## Your goal
Repeat the records exactly as given. Do not include the pictures.

## Given data
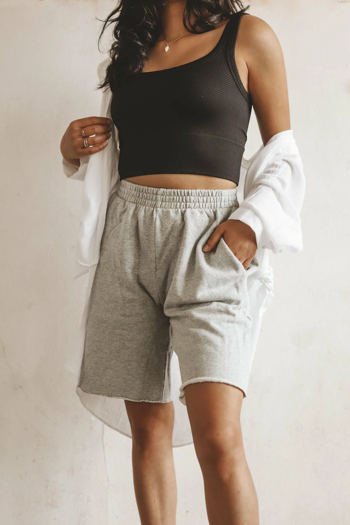 · style tip: contrast relaxed shorts with a form fitting tank and lightweight and flowy outer- layer
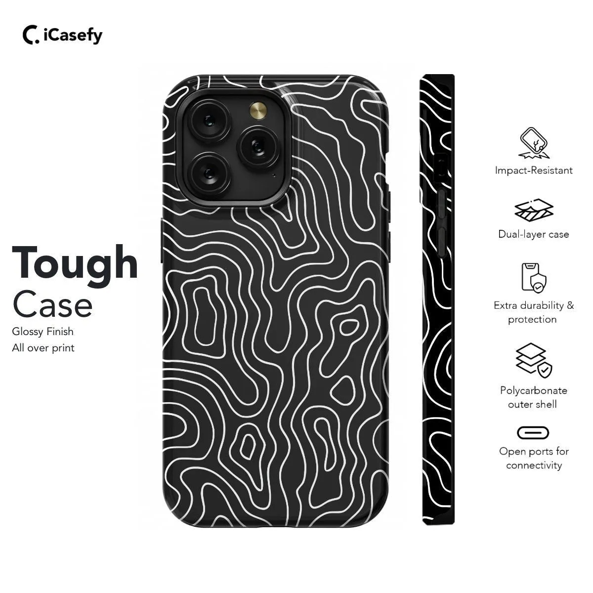 Capture the minimalist beauty of topographic maps with this sleek phone case featuring a black and white design. Adorned with intricate contour lines and geographic details, this accessory celebrates the elegance of cartographic artistry. Carry a touch of exploration and adventure with you wherever you go, letting your device become a canvas for the beauty and functionality of topographic maps with this stylish accessory.
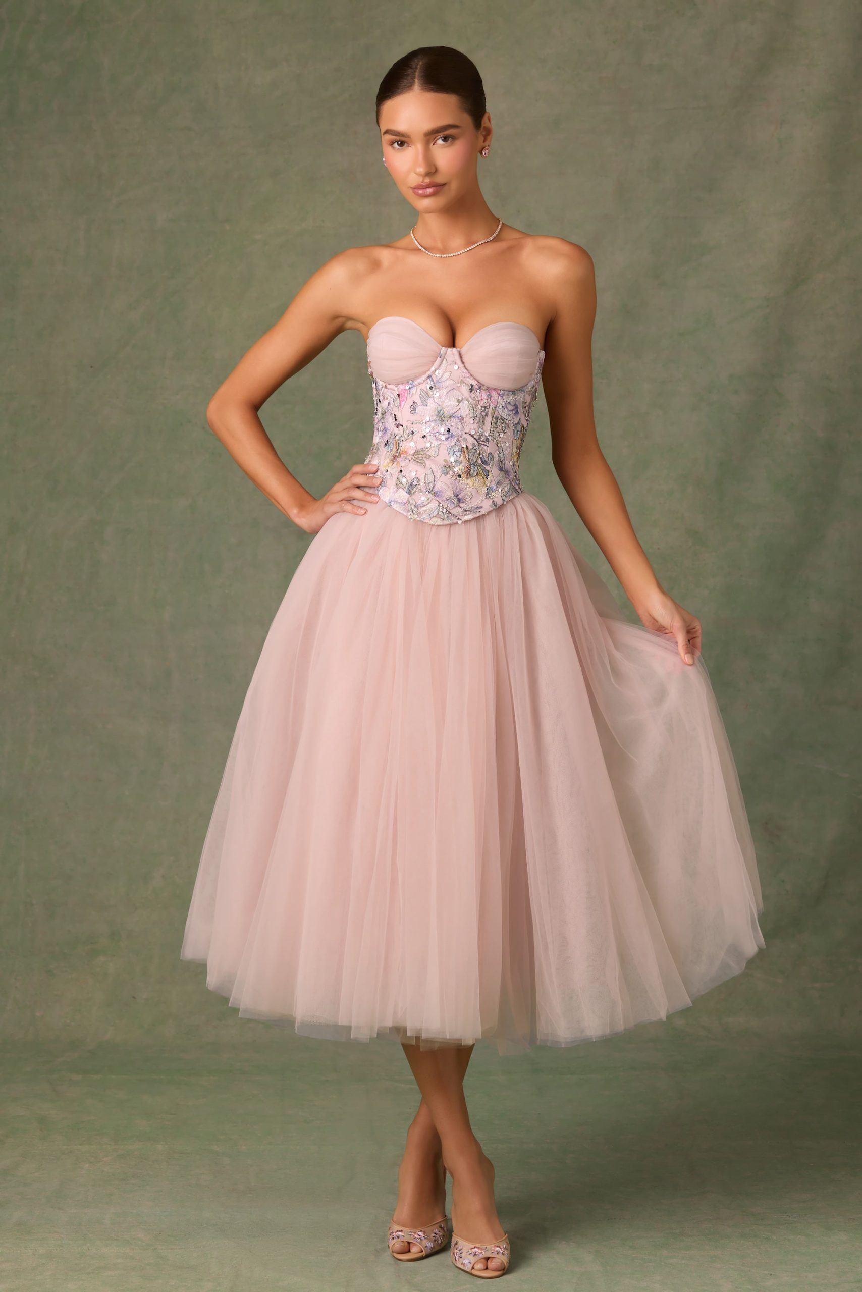 A fresh take on classic styles, the Elia corset is designed to add interest to any look. It’s crafted from figure-defining mesh fabric, overlaid with custom watercolour-inspired floral appliqués and the perfect topping of sparkling sequins. Cut to a cupless silhouette for versatile styling, it’s framed with a curved hem for instant sculpting and features an adjustable lace-up back for your perfect fit every time.
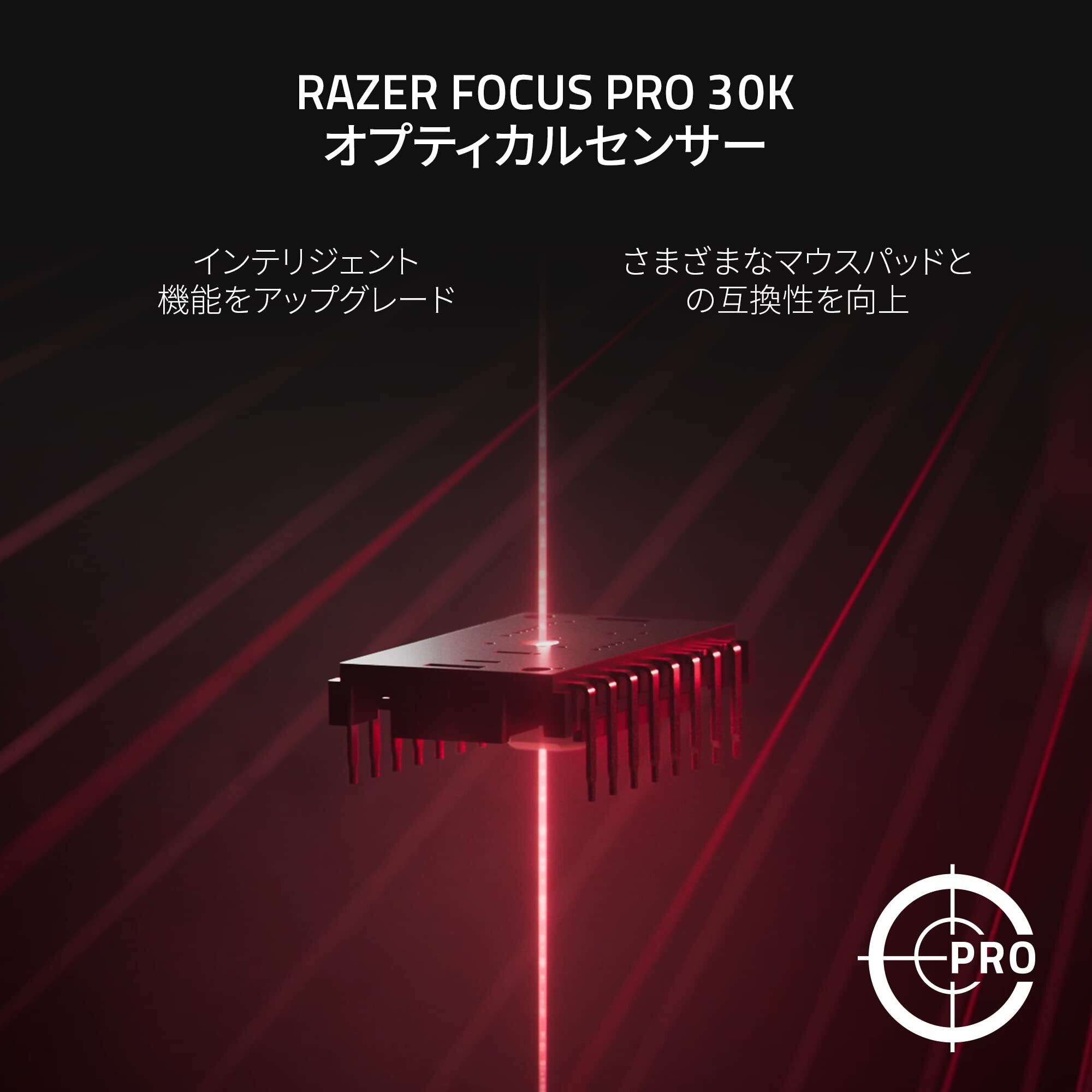 【Razer Focus Pro 30K オプティカルセンサー】前モデルのセンサーより正確なトラッキング/進化したAI機能/ガラス表面にも対応と、究極までに洗礼されたセンサーとなっており、より高い精度でのマウス操作が可能になっています。
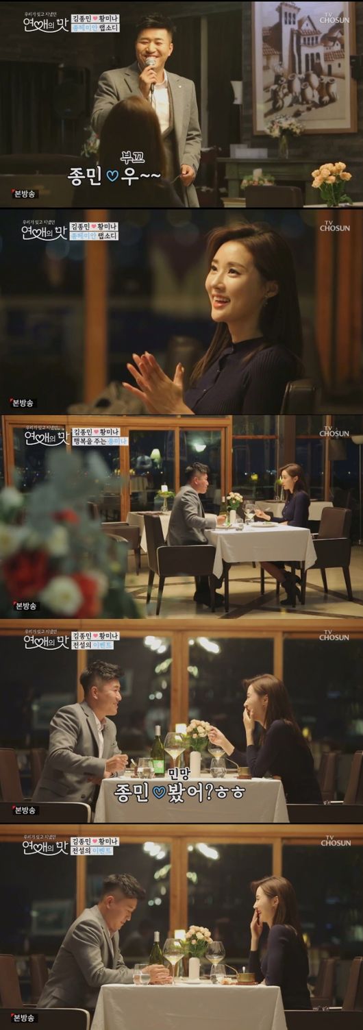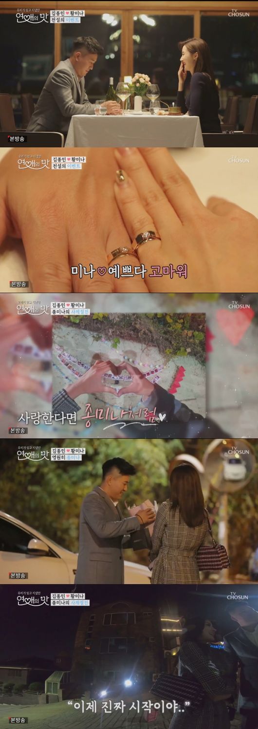 20일 방송된 TV조선 예능 ‘연애의 맛’에서 김종민과 황미나가 공개 열애를 선언하며 앞으로 출연하지 않을 것임을 넌지시 암시했다. 두 사람을 지켜보던 최화정도 “이젠 저 두 사람을 어떻게 할 수 없다”고 말하면서 썸 타던 두 사람의 본격 연애를 알렸다.
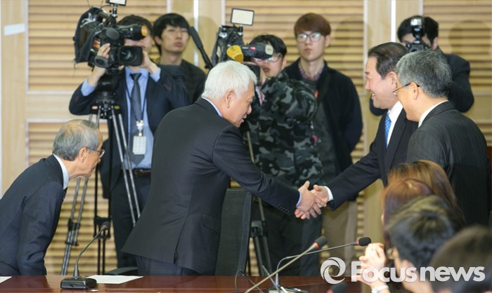 (서울=포커스뉴스) 27일 오전 서울 여의도 국회 의원회관에서 열린 국민의당-통합신당 통합발표 기자회견에 참석한 김한길(왼쪽 두번째) 국민의당 상임부위원장과 박주선(오른쪽 두번째) 통합신당 창당준비위원장이 인사하고 있다.
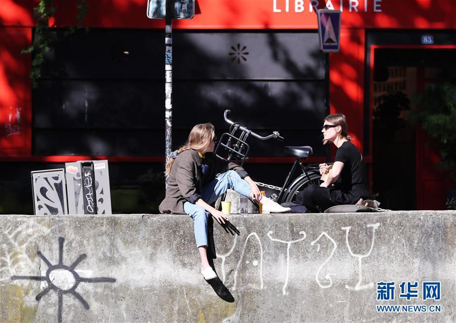 5月29日,在法国巴黎,人们在圣马丁运河旁晒太阳。 新华社记者 高静 摄
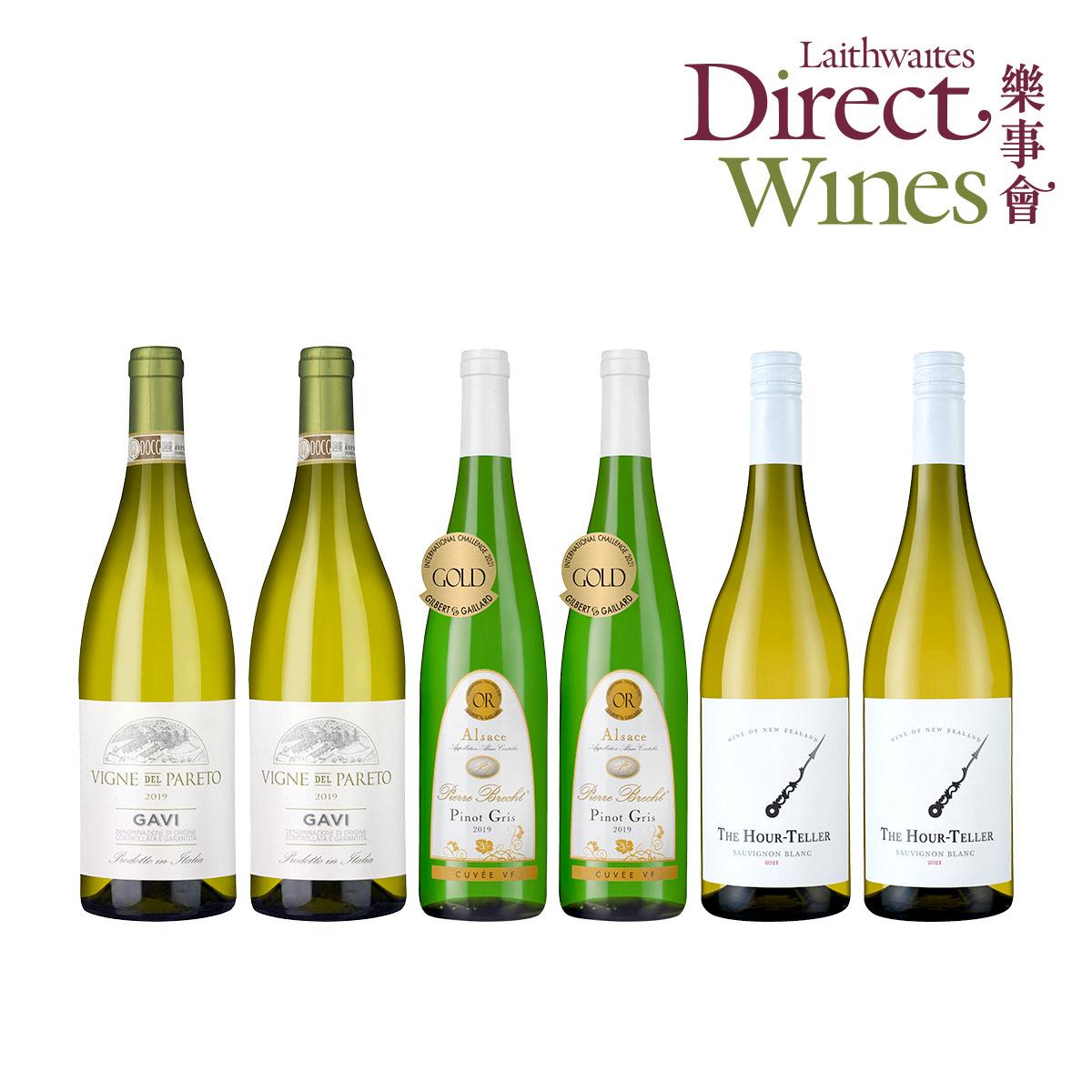 - 白酒迷看過來!樂事會為您獻上絕美風味白酒,點亮派對的團聚時刻 - 這是您不容錯過的絕美套裝──精選自暢銷人氣、酒迷最愛與頂尖品質的世界白酒,就跟著樂事會的腳步一同環遊世界 - 歡聚時刻必備!芬芳清新、燒烤必備的白酒精選 - 清爽迷人、裝滿盛夏的美味酒選,將經典白酒滋味發揮地淋漓盡致! 2支Vigne del Pareto Gavi 2019, Gavi DOCG意大利 2支The Hour-Teller Sauvignon Blanc 2021, East Coast紐西蘭 2支Pierre Brecht Cuvée VF Pinot Gris 2019, Alsace AOC法國
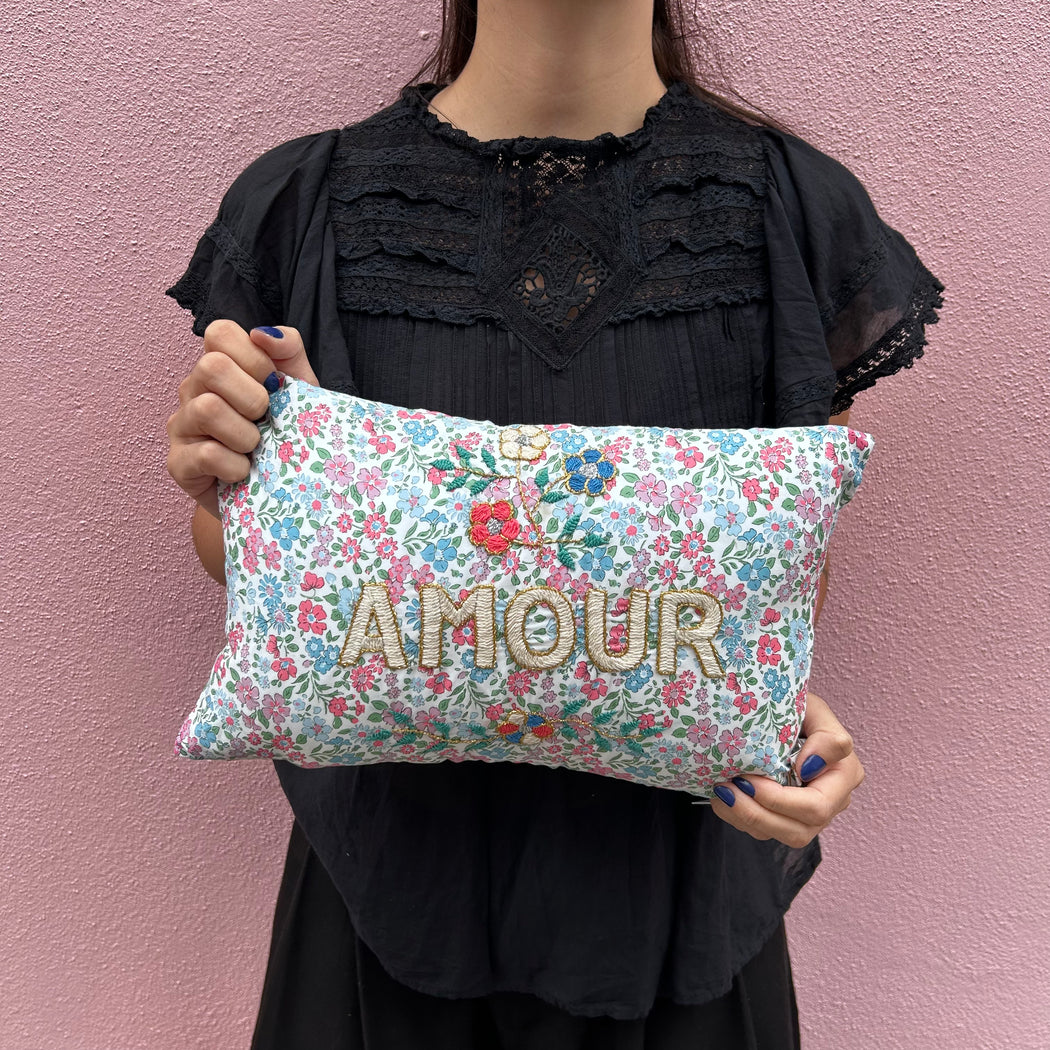 CSAO Amour Blue and Pink Floral Mini Cushion My cart
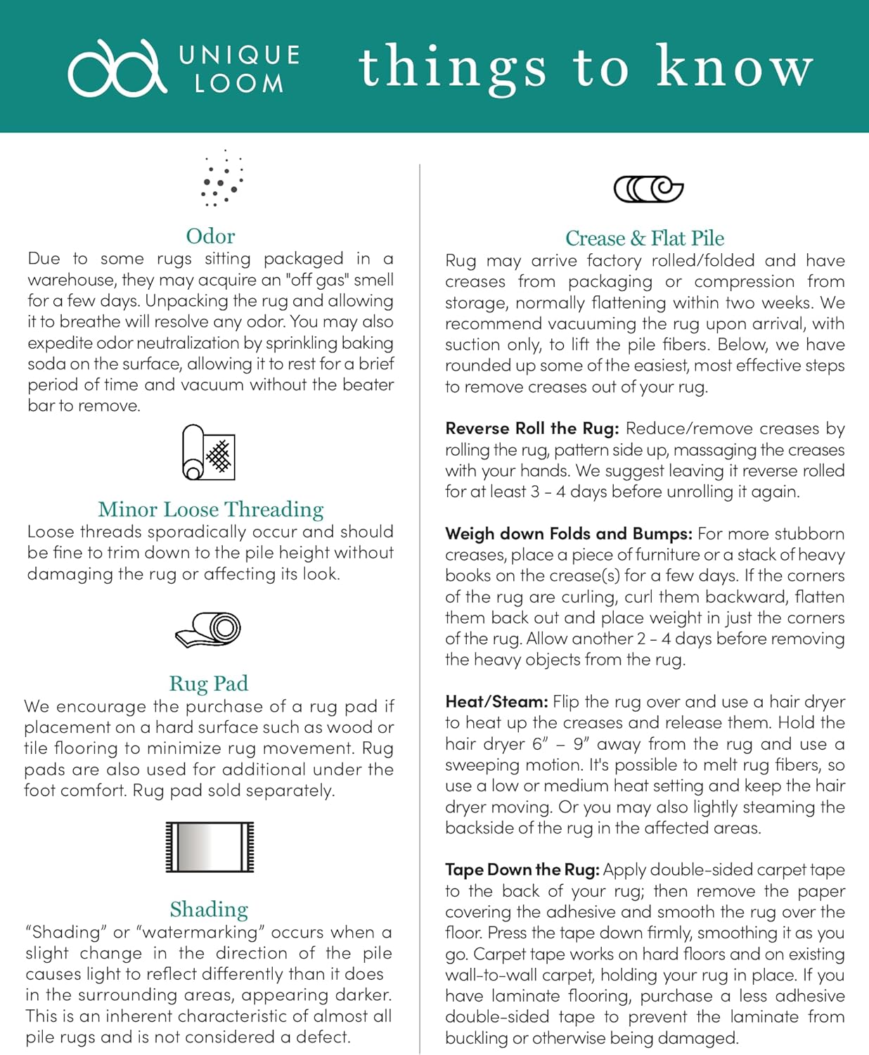 • SHIPPING: Rug will arrive factory rolled/folded and may have creases from packaging & compression from storage, flatting over time.
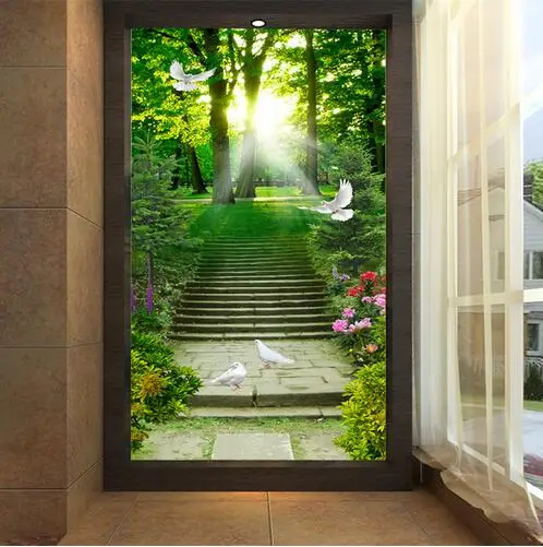 Shinehome Modern Interior Stairs Green Forest Wallpaper 3d For
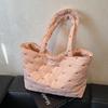 Large Capacity Shoulder Bag Cute Sweet Bow Prints Handbag Soft Puffer Tote Bag Women Commute Casual Simple Storage Bag
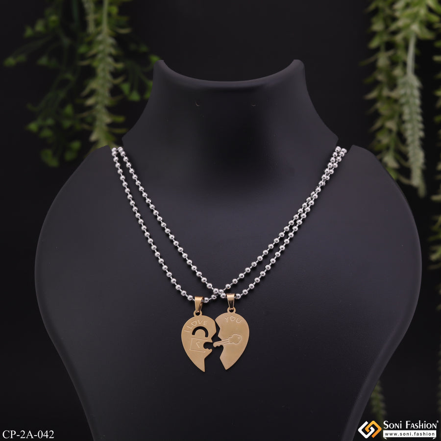Lock n Key Boy and Girl Locket Couple Chain with Pendant for Valentine's Day Gift - Style A042
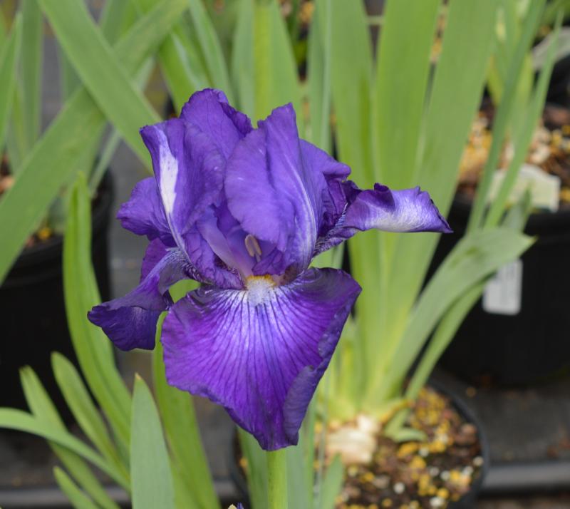 Fans of broad, flat, pointed leaves grow from thick rhizomes that creep along the soil surface. Flower stalks emerge bearing large buds that open to big papery irises with bearded falls. Funky violet and white speckled standards and falls. Full sun in average to dry, well drained soil that does not remain too wet in winter. Zone 4-9. Deer and rabbit resistant, attracts butterflies.
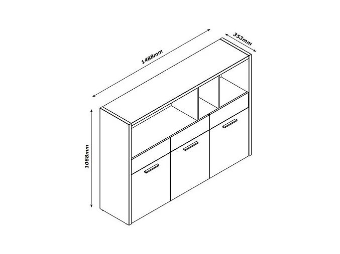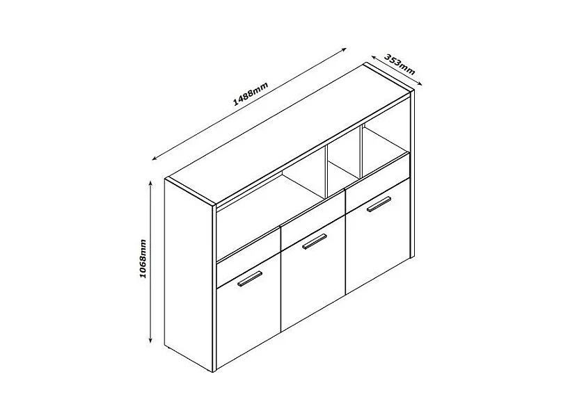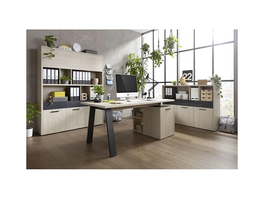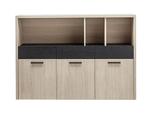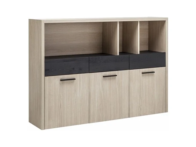 Bibliothèque 3 portes 3 tiroirs décor chêne clair et noir – LEONARDO

## Your solution
 · style tip: contrast relaxed shorts with a form fitting tank and lightweight and flowy outer- layer
 Capture the minimalist beauty of topographic maps with this sleek phone case featuring a black and white design. Adorned with intricate contour lines and geographic details, this accessory celebrates the elegance of cartographic artistry. Carry a touch of exploration and adventure with you wherever you go, letting your device become a canvas for the beauty and functionality of topographic maps with this stylish accessory.
 A fresh take on classic styles, the Elia corset is designed to add interest to any look. It’s crafted from figure-defining mesh fabric, overlaid with custom watercolour-inspired floral appliqués and the perfect topping of sparkling sequins. Cut to a cupless silhouette for versatile styling, it’s framed with a curved hem for instant sculpting and features an adjustable lace-up back for your perfect fit every time.
 【Razer Focus Pro 30K オプティカルセンサー】前モデルのセンサーより正確なトラッキング/進化したAI機能/ガラス表面にも対応と、究極までに洗礼されたセンサーとなっており、より高い精度でのマウス操作が可能になっています。
 20일 방송된 TV조선 예능 ‘연애의 맛’에서 김종민과 황미나가 공개 열애를 선언하며 앞으로 출연하지 않을 것임을 넌지시 암시했다. 두 사람을 지켜보던 최화정도 “이젠 저 두 사람을 어떻게 할 수 없다”고 말하면서 썸 타던 두 사람의 본격 연애를 알렸다.
 (서울=포커스뉴스) 27일 오전 서울 여의도 국회 의원회관에서 열린 국민의당-통합신당 통합발표 기자회견에 참석한 김한길(왼쪽 두번째) 국민의당 상임부위원장과 박주선(오른쪽 두번째) 통합신당 창당준비위원장이 인사하고 있다.
 5月29日,在法国巴黎,人们在圣马丁运河旁晒太阳。 新华社记者 高静 摄
 - 白酒迷看過來!樂事會為您獻上絕美風味白酒,點亮派對的團聚時刻 - 這是您不容錯過的絕美套裝──精選自暢銷人氣、酒迷最愛與頂尖品質的世界白酒,就跟著樂事會的腳步一同環遊世界 - 歡聚時刻必備!芬芳清新、燒烤必備的白酒精選 - 清爽迷人、裝滿盛夏的美味酒選,將經典白酒滋味發揮地淋漓盡致! 2支Vigne del Pareto Gavi 2019, Gavi DOCG意大利 2支The Hour-Teller Sauvignon Blanc 2021, East Coast紐西蘭 2支Pierre Brecht Cuvée VF Pinot Gris 2019, Alsace AOC法國
 CSAO Amour Blue and Pink Floral Mini Cushion My cart
 • SHIPPING: Rug will arrive factory rolled/folded and may have creases from packaging & compression from storage, flatting over time.
 Shinehome Modern Interior Stairs Green Forest Wallpaper 3d For
 Large Capacity Shoulder Bag Cute Sweet Bow Prints Handbag Soft Puffer Tote Bag Women Commute Casual Simple Storage Bag
Lock n Key Boy and Girl Locket Couple Chain with Pendant for Valentine's Day Gift - Style A042
 Fans of broad, flat, pointed leaves grow from thick rhizomes that creep along the soil surface. Flower stalks emerge bearing large buds that open to big papery irises with bearded falls. Funky violet and white speckled standards and falls. Full sun in average to dry, well drained soil that does not remain too wet in winter. Zone 4-9. Deer and rabbit resistant, attracts butterflies.
 Bibliothèque 3 portes 3 tiroirs décor chêne clair et noir – LEONARDO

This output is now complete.